In either case, a matte coating film similar to that shown in Application Example 1 was obtained. As is clear from the results of each example above,
The resin composition according to the present invention has remarkable effects in that it has an excellent matting effect, has no matting phenomenon, and has a wide range of applicability for painting.

Claims (1)

[Scope of Claims] 1 A resin composition includes (a) an α,β-ethylenically unsaturated polycarboxylic acid resin and (b) an alkoxylated methylolmelamine as coating film-forming components, and the (a) component and (b)
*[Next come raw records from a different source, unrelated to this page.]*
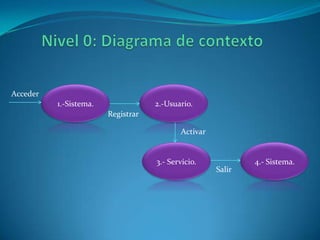 Este documento presenta un diagrama de flujo de datos de 4 niveles que describe el proceso de acceso, registro y activación de un sistema. A nivel 0, se muestra el contexto general del sistema y sus usuarios y servicios. Los niveles 1 y 2 incluyen diagramas superiores y de detalle que especifican las entradas de datos, acciones y componentes requeridos en cada etapa como introducir nombre, contraseña, número de teléfono, confirmar código de activación y cerrar sesión.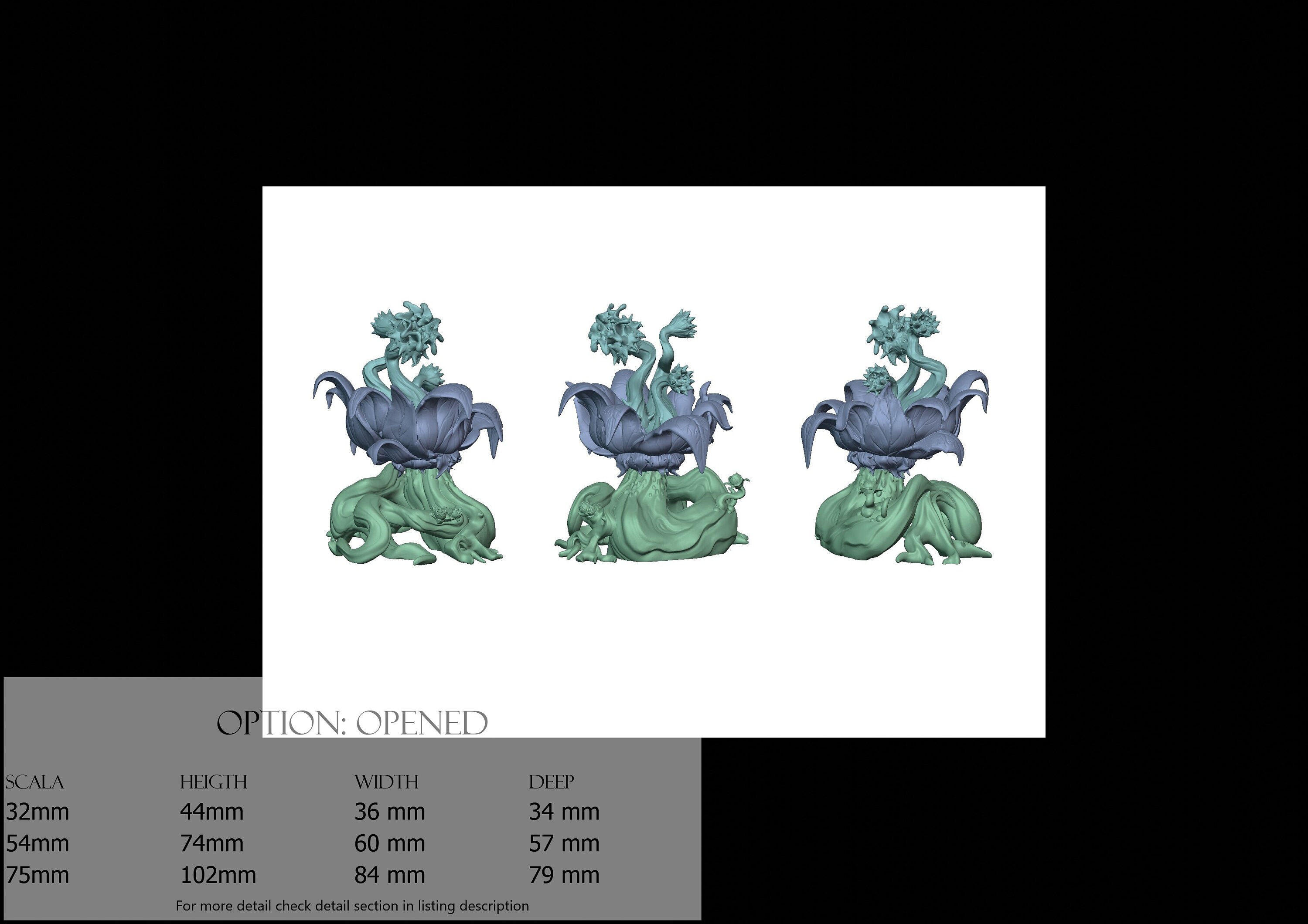 Normalmente i nostri modelli sono proposti con delle scale fisse, ma se avete necessità di scalare in alto o in basso un modello contatteci e vedremo cosa fare. In alcuni casi scalare un modello potrebbe necessitare di dover stampare in PLA alcune delle parti più grandi.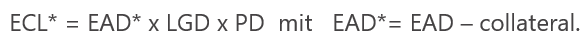 Das Exposure at Default kann hierbei entweder als Rohwert eingehen oder um den als Collateral hinterlegten Betrag korrigiert werden. Der Expected Credit Loss unter Berücksichtigung vorhandener Collaterals (ECL*) berechnet sich in diesem Beispiel gemäß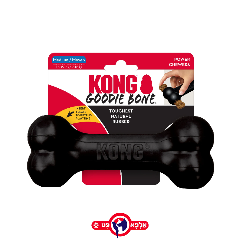 ה-KONG Extreme Goodie Bone עוצב במיוחד עבור כלבים בעלי לסתות חזקות ויצר לעיסה מפותח. הוא עשוי מנוסחת הגומי השחור והקשיח ביותר של KONG, שנועדה לעמוד בנשיכות עוצמתיות ולספק שעות של תעסוקה והנאה.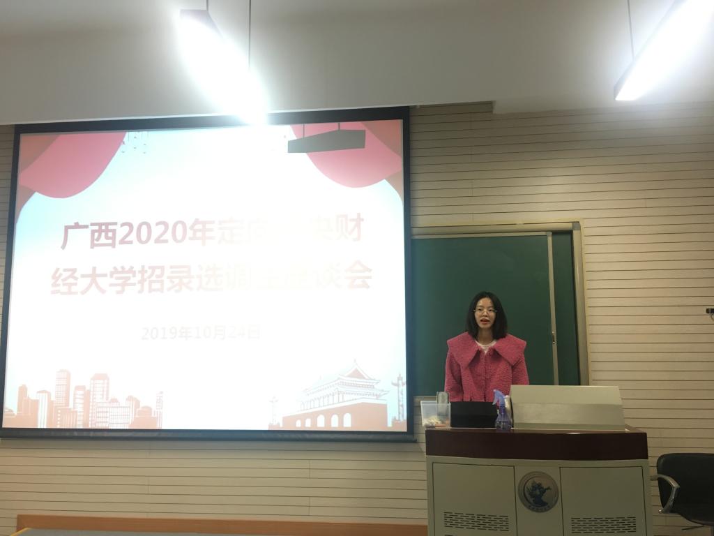 2019年10月24日,广西壮族自治区2020年定向太阳成集团tyc234cc选调生政策宣讲联络员、公司2019届毕业生李佳,于主教110教室为公司学子们带来了一场选调生政策解读暨备考经验专场分享会。
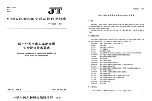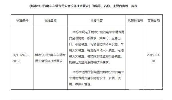 交通运输部关于发布交通运输行业标准《城市公共汽电车车辆专用安全设施技术要求》将于2019年3月1日开始正式实施。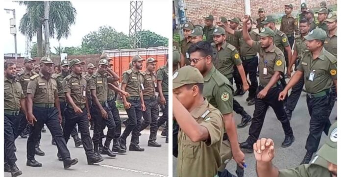 যশোর অফিস : চাকরি জাতীয়করণের দাবিতে বাংলাদেশের বৃহত্তম স্থলবন্দর বেনাপোলে কর্মরত আনসার সদস্যরা মিছিল ও সমাবেশ করছে।শুক্রবার সকালে বেনাপোল চেকপোস্ট থেকে মিছিল নিয়ে তারা বন্দর এলাকায় বিভিন্ন সড়ক প্রদক্ষিণ করেন। বেনাপোল স্থলবন্দর আনসার ক্যাম্পের প্লাটুন কমান্ডার মাসুদুর রহমান মাসুদ এই মিছিল ও বিক্ষোভ সমাবেশের নেতৃত্ব দেন। মাসুদুর রহমান মাসুদ বলেন,চাকরি জাতীয়করণের দাবিতে সারাদেশে আনসার সদস্যরা আন্দোলন সংগ্রাম করছে,তাদের প্রতি সংহতি জানাতেই আমরা মাঠে নেমেছি। আনসার সদস্যরা ১৯৪৮সাল থেকে ২০২৪ সাল পর্যন্ত দেশ ও জাতির কল্যানে অনেক গুরুত্বপূর্ণ দায়িত্ব পালন করে আসছেন। ফলে আমাদের এই বাস্তব সম্মত দাবী মেনে নেওয়ার জন্য সরকারের কাছে দাবী জানাচ্ছি। বিক্ষোভকারী আনসার সদস্যরা বলেন,আমরা সরকারি অন্যান্য বাহিনীর থেকে কম কষ্ট করি না। র্যাব-পুলিশ যখন পালিয়ে ছিল, তখন আমরাই দেশের নিরাপত্তার জন্য কাজ করেছি। অথচ তাঁদের থেকে আমরা এখনো সুযোগ-সুবিধা কম ভোগ করছি। এছাড়াও আমাদের এখনো চাকরির নিশ্চয়তা নেই।’ এ সময় তাঁরা নানান স্লোগান দিতে থাকেন।জানা গেছে, সারাদেশে ৫৩ হাজার আনসার সদস্য রয়েছেন। তারা চান ব্যাটালিয়ন আনসারের মতো চাকরির জাতীয়করণ।

1. A resin composition for matte coating, characterized in that it is a composition containing a product obtained by heating an aqueous emulsion containing the following components. 2. The resin composition is a composition containing a product obtained by adding a hydrophilic base and water during or after mixing components (a) and (b) to form an emulsion, and then heating the mixture. A resin composition for matte coating according to claim 1. 3. The resin composition is prepared by adding and mixing an inorganic acid and/or an organic acid during or after mixing components (a) and (b),
The resin composition for matte coating according to claim 1, which is a composition containing a product obtained by adding a hydrophilic base and water to emulsion the resin composition and then heating the product. 4 The resin composition is formed by adding and mixing an inorganic acid and/or an organic acid and a hydrophobic base during or after mixing components (a) and (b), and adding a hydrophilic base and water to this to form an emulsion. 2. The resin composition for matte coating according to claim 1, which is a composition containing a product obtained by heating the resin composition. 5 The resin composition is prepared by adding and mixing a salt-containing substance obtained from an inorganic acid and/or an organic acid and a hydrophobic base during or after mixing components (a) and (b), and adding and mixing a salt-containing substance obtained from an inorganic acid and/or an organic acid and a hydrophobic base. Claim 1, which is a composition containing a product obtained by adding and emulsifying water and heating the product.
The resin composition for matte coating described in 2. 6. The matte coating resin according to any one of claims 1 to 5, wherein the resin composition is a composition containing a product obtained by heating at 40°C to reflux temperature. Composition.